Мальчишка оторвался от книги. Женщина в пурпурной шляпе показалась ему знакомой, но он не мог понять, откуда он ее знает.

Сложив письмо, Гарри молча вернул его моему отцу. Они навалились на ограждение и тупо смотрели на рельсы. Над головами у них ошалело носились по небу какие-то быстрокрылые птицы.

Миклош, мой дорогой, я убита той страшной реальностью, которую открыло тебе это письмо из Сольнока. Я не могу найти слов утешения…

В тот же день отец сел на велосипед и поехал в Авесту, на кладбище. Сеялся мелкий дождь. Отец без определенной цели бродил из конца в конец по кладбищу и иногда, наклонившись над надписью, пытался шепотом прочесть какое-нибудь необычно мудреное шведское имя.

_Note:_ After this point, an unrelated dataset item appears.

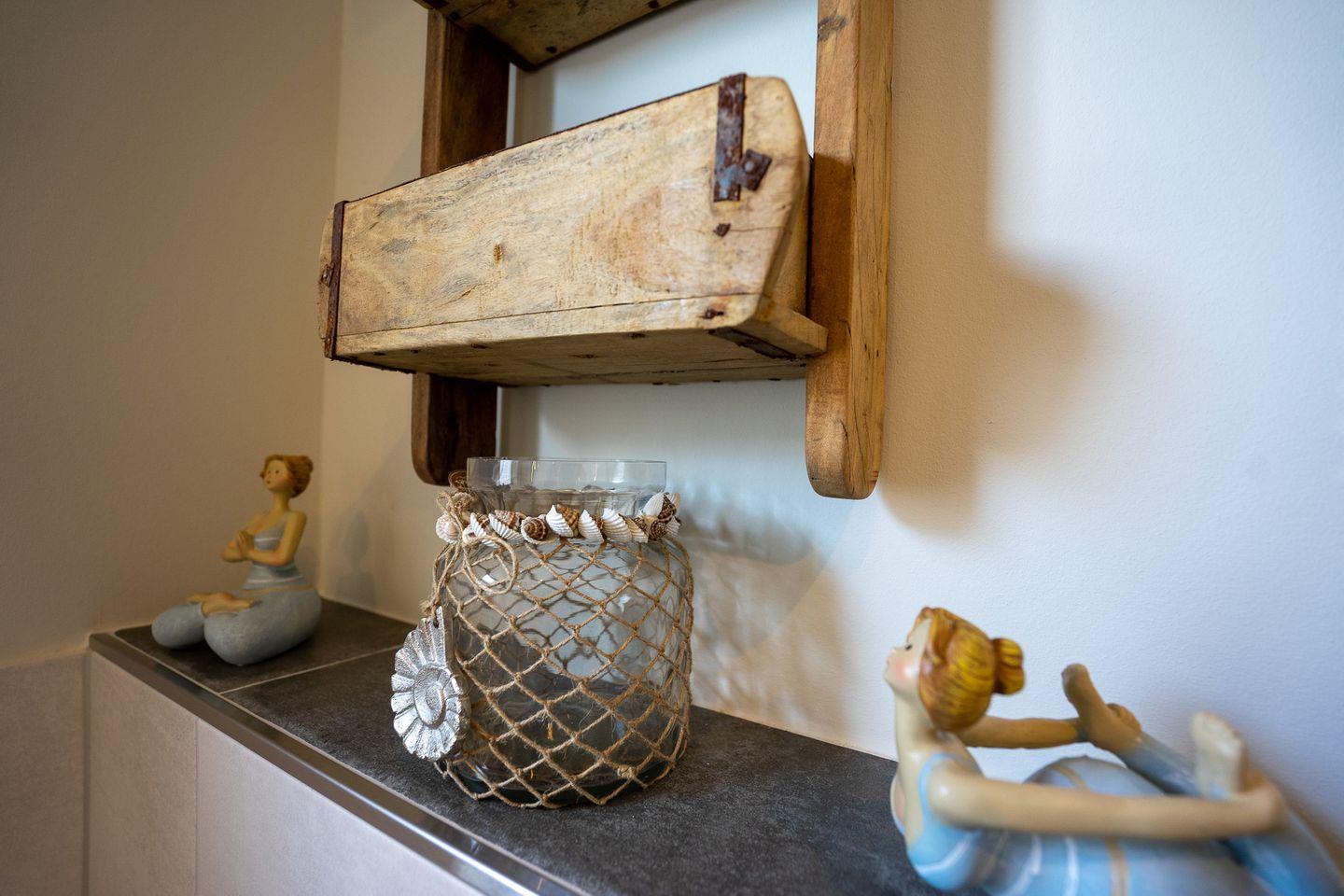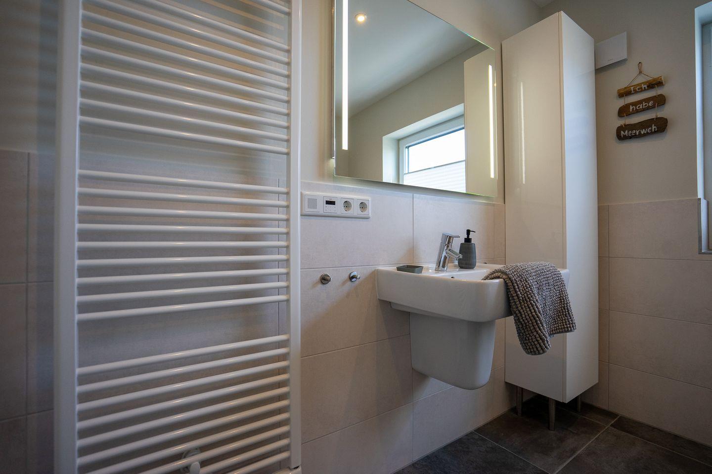 Das luxuriöse Badezimmer besticht durch große Bodenfliesen, einer ebenerdigen Regendusche, einen Handtuchheizkörper, einen beleuchteten Spiegel und ein Radio. Auch im Badezimmer lässt sich liebevoll ausgewählte Dekoration finden.

Не сердись на меня, что я так холодно, с таким кретинским цинизмом принял этот удар… Вчера был на местном кладбище. Я надеялся, что МОИ там, на дне общей ямы, может быть, ощутят ЧЕРЕЗ ЗАГРОБНЫЙ МИР, ЧТО ИХ ПОМНЯТ… Все, довольно об этом.

Лили внезапно села в постели. Была поздняя ночь, слабая лампочка над дверью едва освещала палату. Лицо ее было в холодном поту. На соседней кровати Шара, сбросив с себя одеяло, лежала, свернувшись калачиком. Лили скользнула к подруге и опустилась на колени.

– Ты спишь?

Шара, будто только того и ждала, повернулась к ней и ответила так же шепотом:

– Мне тоже не спится!

Лили, юркнув к подруге в постель, взяла ее за руку. Лежа навзничь, они смотрели на потолок, на который качающаяся за окном береза отбрасывала странные тени. Наконец Лили прошептала:

– Известие получил. Родители. Под бомбежкой.

Шара глянула в сторону тумбочки, на которой лежало письмо моего отца:

– Боже мой!

– Я посчитала. Триста семьдесят три дня. Столько дней я не слышала ни о мамочке, ни о папочке.

Раскрыв широко глаза, они смотрели на путаные узоры, которые рисовал им на потолке ветер-экспрессионист.